Audio functions can include speaker and/or headphone output, as
well as microphone input. Devices for such functions can be
integrated into computing device 1600, or connected to the
computing device 1600. In one embodiment, a user interacts with the
computing device 1600 by providing audio commands that are received
and processed by processor 1610.
[0062] Display subsystem 1630 represents hardware (e.g., display
devices) and software (e.g., drivers) components that provide a
visual and/or tactile display for a user to interact with the
computing device 1600. Display subsystem 1630 includes display
interface 1632, which includes the particular screen or hardware
device used to provide a display to a user. In one embodiment,
display interface 1632 includes logic separate from processor 1610
to perform at least some processing related to the display.
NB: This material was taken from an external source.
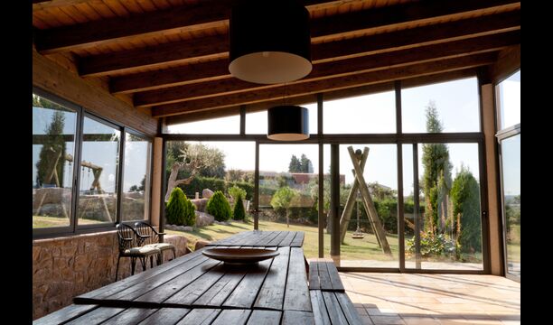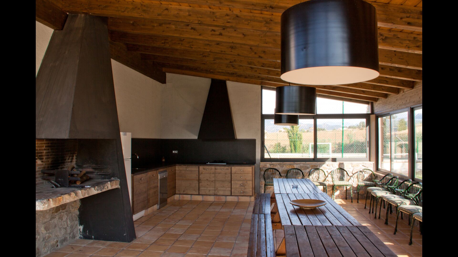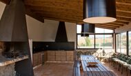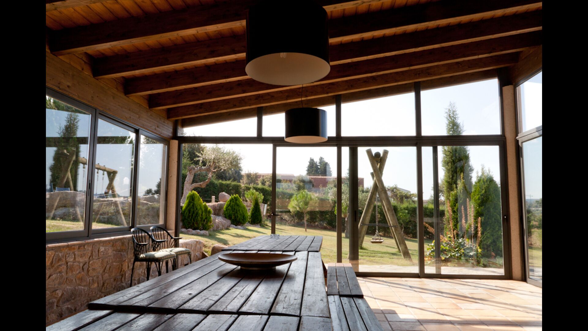 En 2010 se amplió la antigua casa con un bonito porche de cristal, con cocina totalmente equipada y barbacoa. En temporada baja, apetece cenar fuera sin pasar frío y en verano, se puede abrir toda la fachada y el porche se puede utilizar como una terraza cubierta muy grande. Desde aquí, también puede estar al tanto de lo que sucede en el jardín y en la piscina.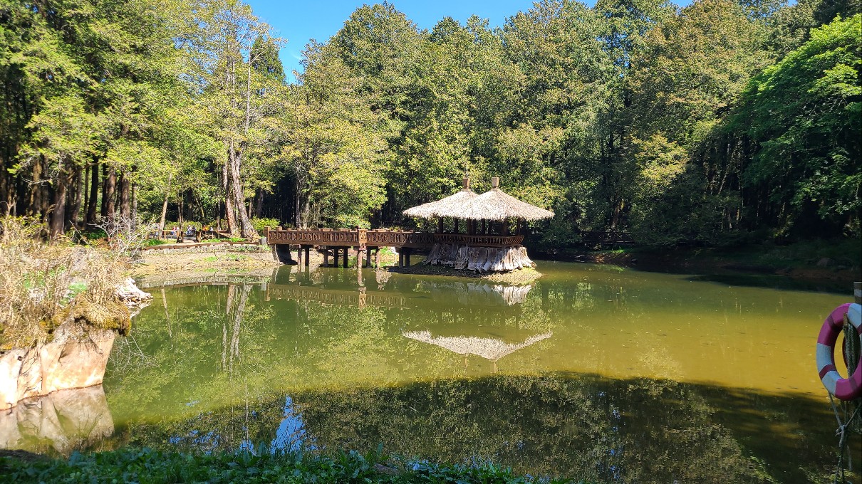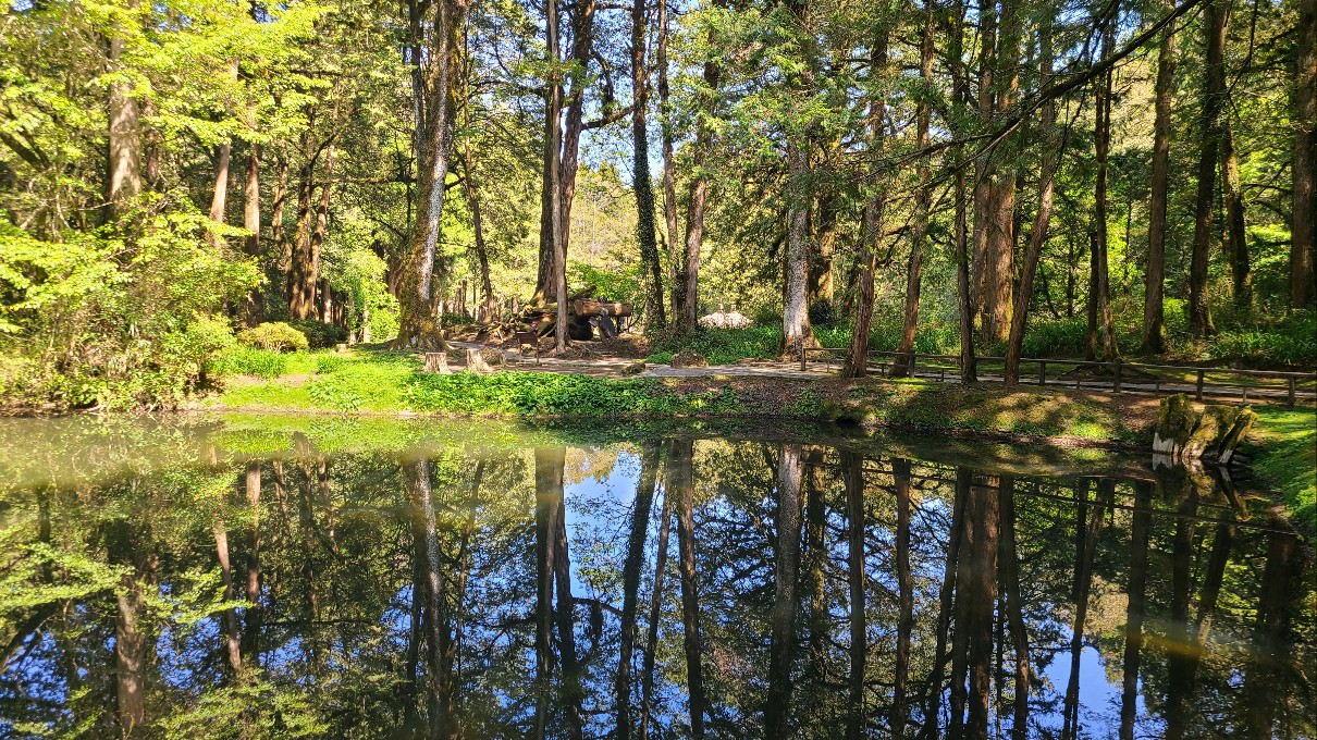 물이 아주 투명하고 햇볕이 강해서 수면 위로 비치는 나무들과 푸른 하늘이 멋지다. 아름다운 풍경에 취해 사진찍기에 바쁘다. 울창한 숲 사이로 나무 잔도(棧道)가 잘 되어있어 숲의 공기와 분위기를 즐기며 여유롭게 삼림욕을 한다.

In one
embodiment, display subsystem 1630 includes a touch screen (or
touch pad) device that provides both output and input to a
user.
[0063] I/O controller 1640 represents hardware devices and software
components related to interaction with a user. I/O controller 1640
is operable to manage hardware that is part of audio subsystem 1620
and/or display subsystem 1630. Additionally, I/O controller 1640
illustrates a connection point for additional devices that connect
to computing device 1600 through which a user might interact with
the system. For example, devices that can be attached to the
computing device 1600 might include microphone devices, speaker or
stereo systems, video systems or other display devices, keyboard or
keypad devices, or other I/O devices for use with specific
applications such as card readers or other devices.
[0064] As mentioned above, I/O controller 1640 can interact with
audio subsystem 1620 and/or display subsystem 1630. For example,
input through a microphone or other audio device can provide input
or commands for one or more applications or functions of the
computing device 1600. Additionally, audio output can be provided
instead of, or in addition to display output. In another example,
if display subsystem 1630 includes a touch screen, the display
device also acts as an input device, which can be at least
partially managed by I/O controller 1640. There can also be
additional buttons or switches on the computing device 1600 to
provide I/O functions managed by I/O controller 1640.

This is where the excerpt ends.